Delayed diagnosis and treatment usually occur in TA with valve involvement, possibly because these patients might complain of the same non-specific cardiac symptoms as those with other cardiac diseases (9, 12, 13). Reportedly, more than one-third of the TA patients with valve involvement complained of chest tightness or dyspnea, while the most common symptoms of the patients without valve involvement were dizziness (30.3%) and exertional limb fatigue (25.3%) (9). In terms of pathological characteristics of valves in TA patients, the most common finding was myxomatous degeneration of the aortic valve. Notably, direct infiltration of inflammatory cells into the aortic valve was rarely observed (9, 14, 15). Thus, controlling inflammation is fundamental to both conservative medical treatment and surgical intervention because it can directly or indirectly induce the aortic and valvular lesion (2, 16). In the case of TA patients with valvular involvement, severe aortic regurgitation is a high-risk factor of mortality, necessitating early aortic valve replacement surgery even in very young children. However, surgical reintervention was usually required because of late dilatation of the residual aorta or recurrent aortic regurgitation due to annular dilatation (14, 17). Only when at inactive disease stage, the patients could be prepared to underwent surgical intervention (14, 18).

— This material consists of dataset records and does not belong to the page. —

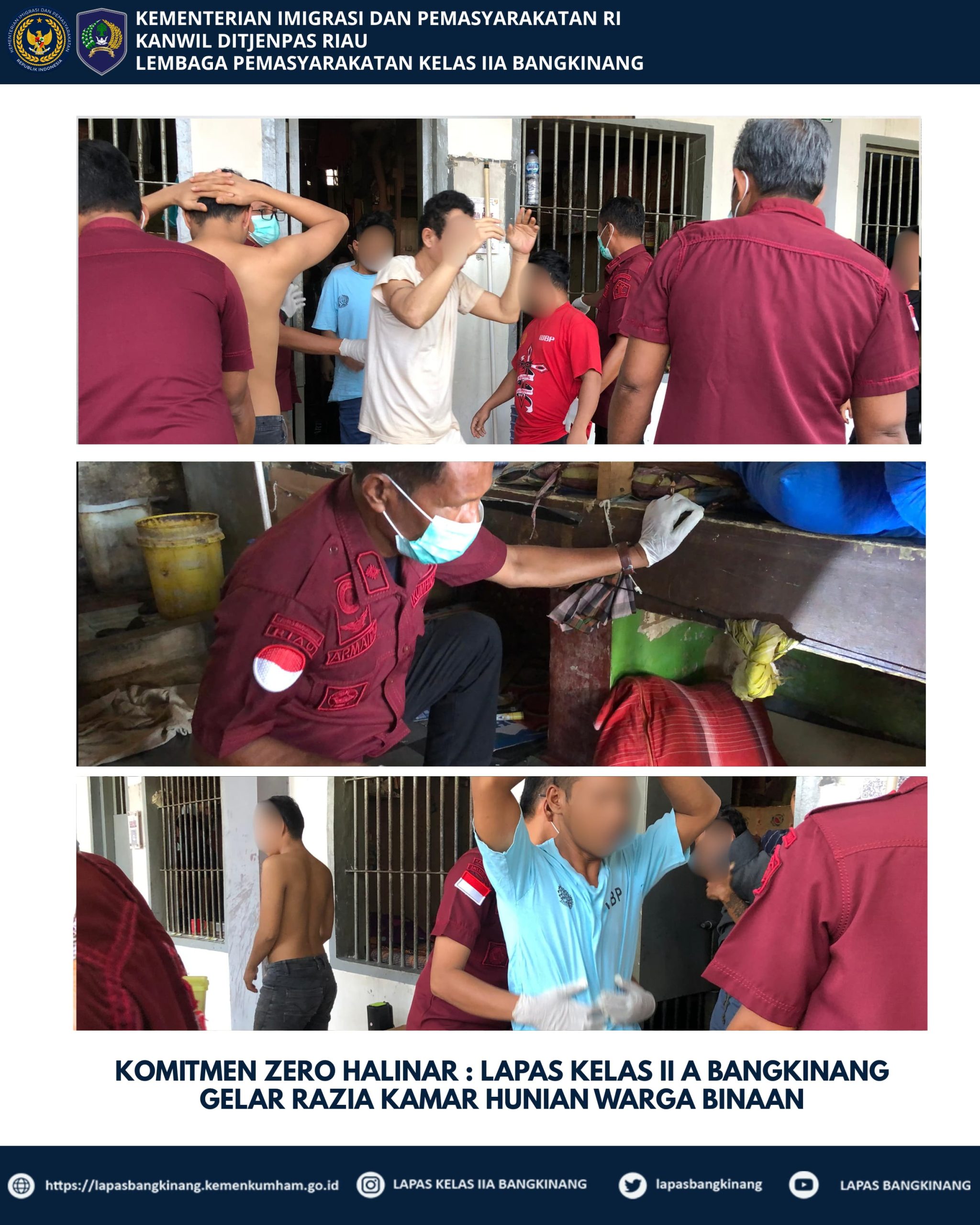 Kepala Lembaga Pemasyarakatan (Kalapas) Kelas IIA Bangkinang, Alexander Lisman Putra selalu menyampaikan kepada seluruh jajarannya agar dalam pelaksanaan tugas untuk dilaksanakan dengan penuh semangat dan tanggung jawab serta untuk selalu melaporkan kejadian yang terjadi di dalam Lapas secara berjenjang dan kegiatan Razia ini juga merupakan bentuk tindaklanjut Lapas Bangkinang dalam menindaklanjuti Arahan 13 (tiga belas) Program Akselerasi Menteri Imigrasi dan Pemasyarakatan, Bapak Agus Andrianto khususnya pada poin 1 (satu) yakni Memberantas Peredaran Narkoba dan Pelaku Penipuan dengan berbagai modus di Lapas dan Rutan.
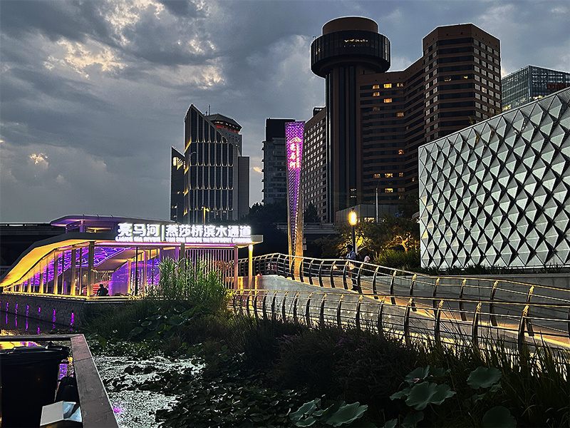 2019年,朝阳区启动了亮马河国际风情水岸项目建设,亮马河以河道复兴引领城市更新,形成“建筑-绿-水”的无缝衔接,打造了80万平方米的滨河公园,居民“推窗见绿、推门见景、沿河有荫”。75%的公共空间可为百姓提供休闲娱乐,沿河两岸,黑珍珠餐厅、网红咖啡馆、会客厅、百姓秀场、市民乐场,成为朝阳区提升生活品质和夜间经济的新亮点。
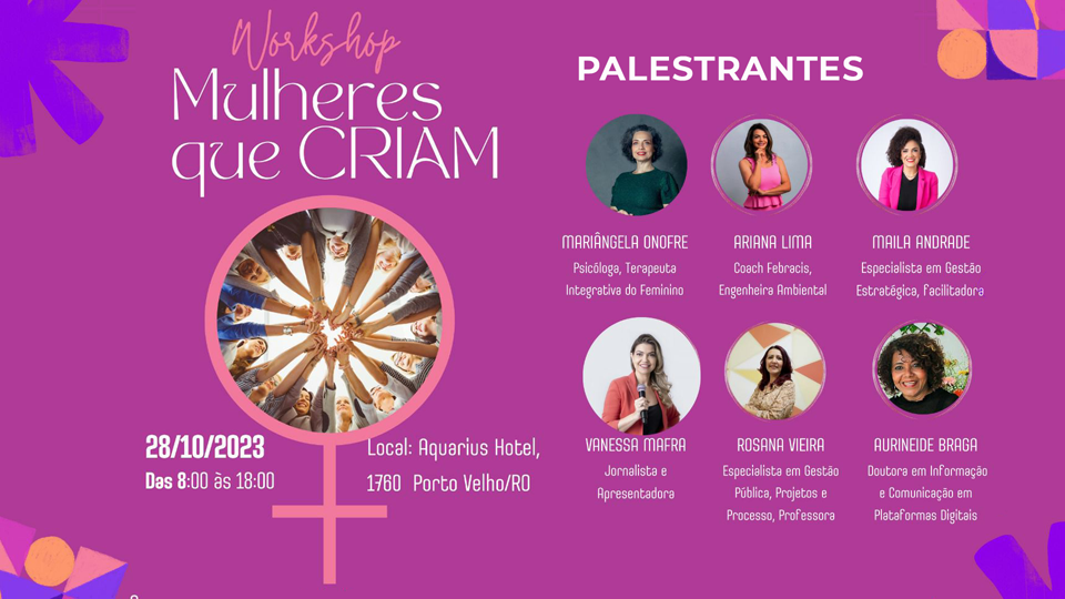 É uma oportunidade única de compreender o feminino para se reposicionar em relação à vida pessoal e profissional. O workshop Mulheres que CRIAM é um evento all inclusive e será realizado no dia 28 de outubro de 2023, no Aquarius Selva Hotel, das 8h às 18h, e terá a seguinte programação:
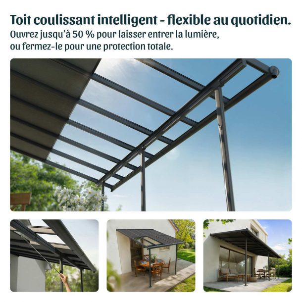 Le toit coulissant en polycarbonate peut être ouvert jusqu’à 50 %, vous permettant de réguler la lumière et

Coronary Artery Involvement
Coronary artery involvement is not a rare event in TA patients and could be detected in 10–30% of the patients (3). However, the CT angiography revealed a higher prevalence that 53.2% (59/111) of TA patients had coronary arterial abnormalities (19). The imaging results suggested that most coronary lesions are located in the ostial or proximal coronary artery (20). The three main pathological features of TA patients with coronary involvement are as follows: type 1, stenosis or occlusion of the coronary ostia and the proximal segments of the coronary arteries; type 2, diffuse or focal coronary arteritis, which might extend diffusely to all epicardial branches or may involve focal segments, i.e., skip lesions; and type 3, coronary aneurysms (21). The type 1 lesion is detected most frequently in TA patients (21).

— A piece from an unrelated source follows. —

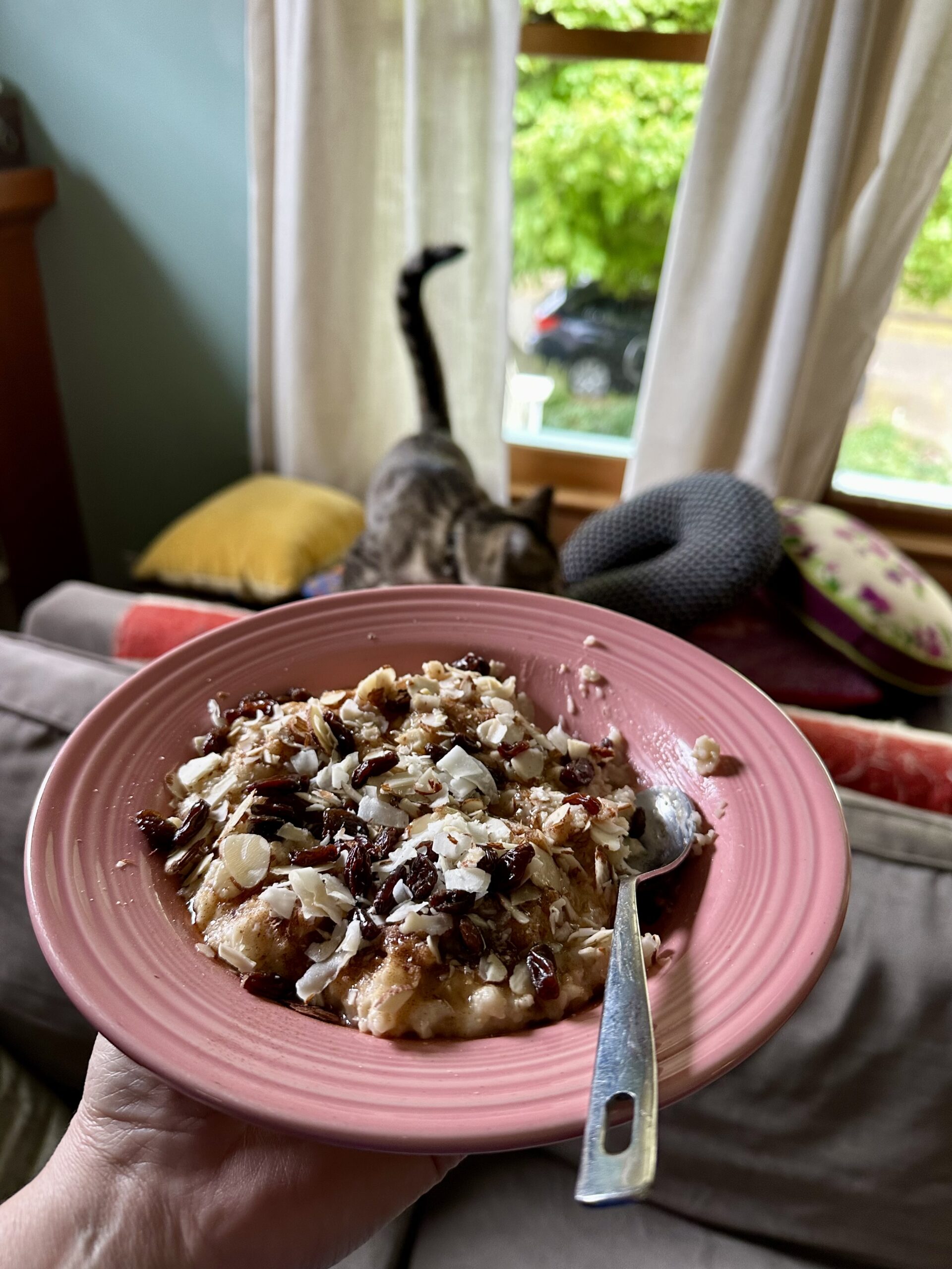 4) I continue to enjoy fancy oatmeal buffet breakfasts, even though my houseguests have returned to the east coast. Everything here is from the Winco bulk bins, which makes it extra satisfying!
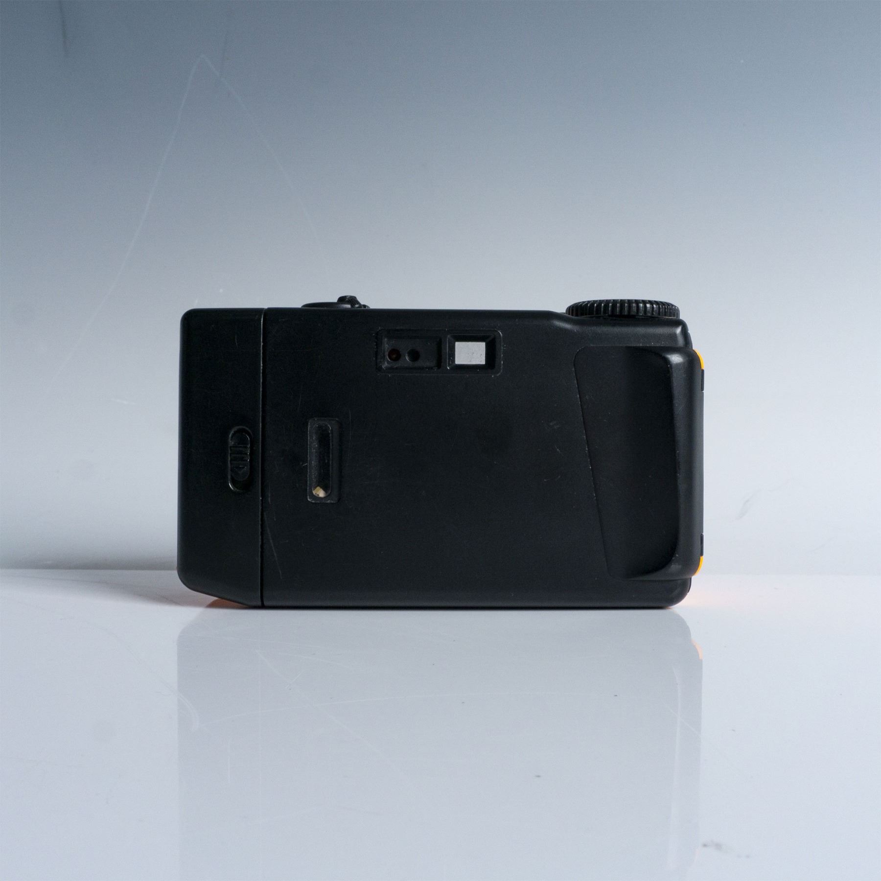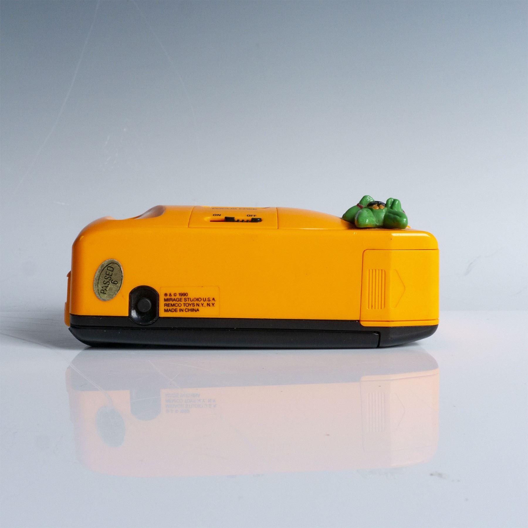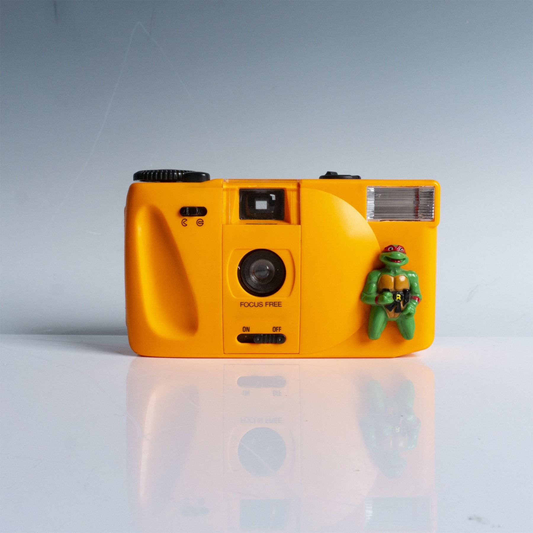 1990 Mirage Studios Teenage Mutant Ninja Turtles focus-free camera in vibrant orange, featuring an attached Raphael figure. Manufactured by Remco Toys, this vintage collectible camera includes the iconic Teenage Mutant Ninja Turtles logo on the side and is marked with original licensing details on the bottom. A nostalgic piece for TMNT enthusiasts and camera collectors alike.

The TA patients with coronary heart disease (CHD) usually suffer prolonged disease (20). However, the presence of cardiac symptoms, disease activity, and other comorbidities did not differ between these patients and other TA patients (19). Among the TA patients with coronary artery involvement, the most common symptom was angina (22, 23), and the age of TA patients presenting cardiac symptoms at onset was younger than that of other patients (23). In the clinical practice, it is challenging to decide on the optimal therapy strategy. Although the symptoms of TA patients could be improved following the glucocorticoid (GC) therapy, the taper of GC often resulted in relapse (24). In addition, the narrowing of coronary arteries might consecutively develop consecutively due to the progression of the inflammatory process. In cases where the patients under conservative therapy showed poor outcome (25), the revascularization should be undertaken promptly. Based on the long-term outcomes of TA patients with coronary involvement, coronary artery bypass grafting (CABG) is superior to percutaneous coronary intervention with stenting (PCI) despite medical therapy (26). PCI had a very high rate of instent restenosis in patients without using corticosteroids so that CABG is the preferred treatment option (27).

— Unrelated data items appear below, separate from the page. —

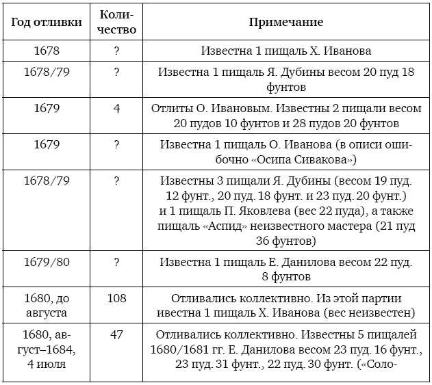 К сожалению, пока нельзя полностью восстановить все факты изготовления этих орудий на Пушечном дворе. Тем не менее архивные документы (описи 1694–1695 гг., «Записная книга Пушкарского приказа 1700 г.», акты 1680-х гг. и др.) позволяют выявить отдельные моменты массового производства.
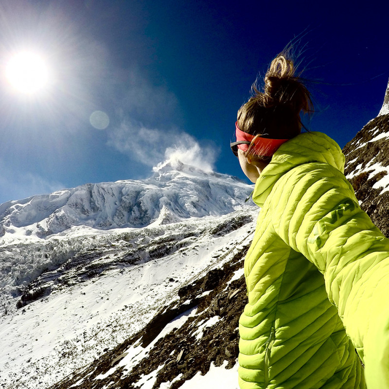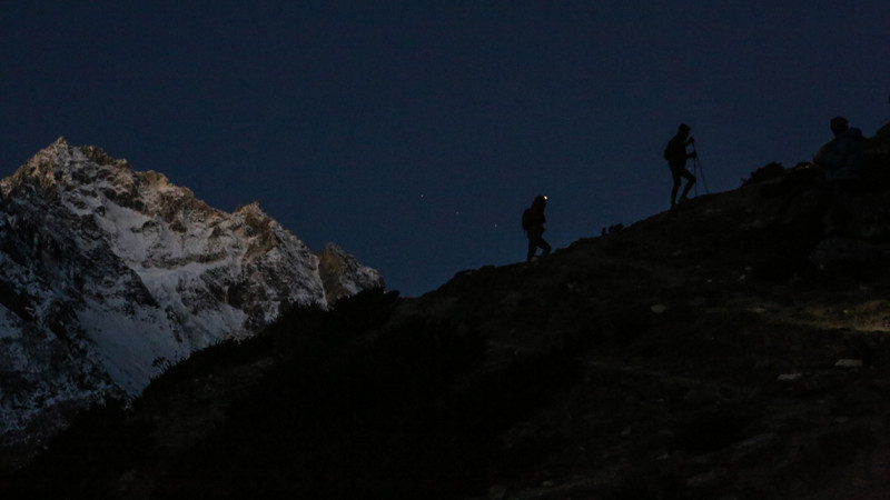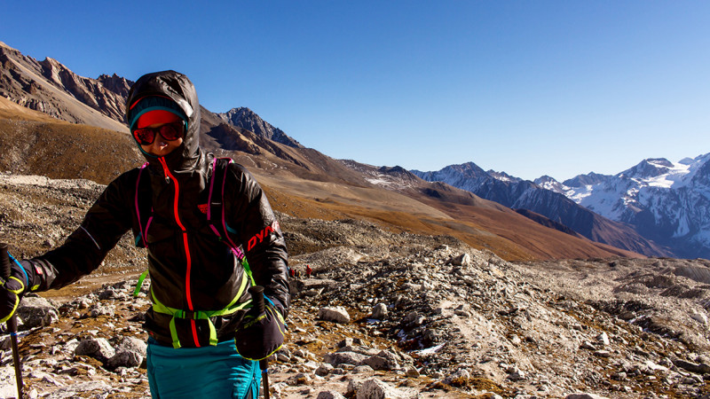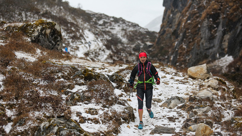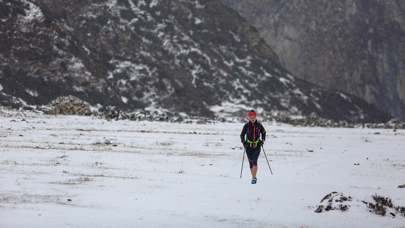 We headed out with headlamps. Since we were going up to an altitude of 5,106 meters over the Larke Pass, this was consciously not a racing day. It was still freezing cold, and I seriously was wearing every single thing I had with me, layered up from PrimaLoft to down. The quiet and the movement only by the light of the headlamps was somewhat meditative for me. It was possibly one of the most beautiful sunrises I have every been able to experience. Slow by slow, the gigantic mountains were illuminated by beams of warming sunlight. It was simply an unbelievable day. After just about nine hours with plenty of photo, tea and chocolate breaks, we arrived at our last lodging, at about 3,700 meters, before the finish. I was still very weak but simply thankful to be able to experience this.
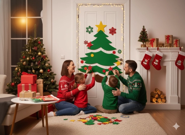 Grâce à une installation simple (velcro ou autocollants), la décoration n’abîme pas les surfaces et convient aux portes et murs lisses. La feutrine résistante garde sa forme et permet une réutilisation pendant de nombreuses saisons.

Generally, acute myocardial infarction (AMI), followed by coronary disease, occurs in the middle or old-age population and is rarely seen in young people. Reportedly, the incidence of AMI in <40 years old is only about 5% in total, and 90% of these cases are males (28). A Japanese research studied the etiology of AMI in young women and found three cases having TA among the 24 female patients <50 years old (29). Therefore, for the young female patients with AMI, systemic disease such as TA should be taken into consideration. Several cases, primarily consisting of young women, have been reported to present AMI as the primary manifestation of TA (30–35). In a 5-year follow-up study, 9% (7/76) TA patients were detected to have AMI through echocardiography (4). Despite its low incidence, myocardial ischemia is one of the major causes of death in TA, with up to 50% mortality in 5 years (4). Prompt and early treatment is essential to the TA patients with AMI. Thus, the medical team should take percutaneous coronary interventions as prioritizing and timely immunosuppressive therapy could improve the cardiac status and long-term outcome (30, 36).
The myocardial involvement of TA patients might also present as myocarditis. A cohort study revealed that myocarditis is a rare and life-threatening presentation of large-vessel vasculitis (36). In a cohort of 139 patients with TA and 24 with giant cell arteritis (GCA), a total of 16 including 14 (10%) with TA and 2 (8.3%) with GCA presented with cardiac failure without a history of ischemic coronary heart disease, and 4/16 patients presented myocarditis as the initial symptom (36). Non-invasive imaging techniques such as transthoracic echocardiography and cardiac magnetic resonance imaging (CMRI) offer an alternative to the gold-standard myocardial biopsy. Myocarditis can result in left ventricular dysfunction and heart failure in some cases with TA (5). Moreover, if the diagnosis of TA with myocarditis is made, steroid pulse, immunosuppressive, and conventional heart failure therapies should be initiated.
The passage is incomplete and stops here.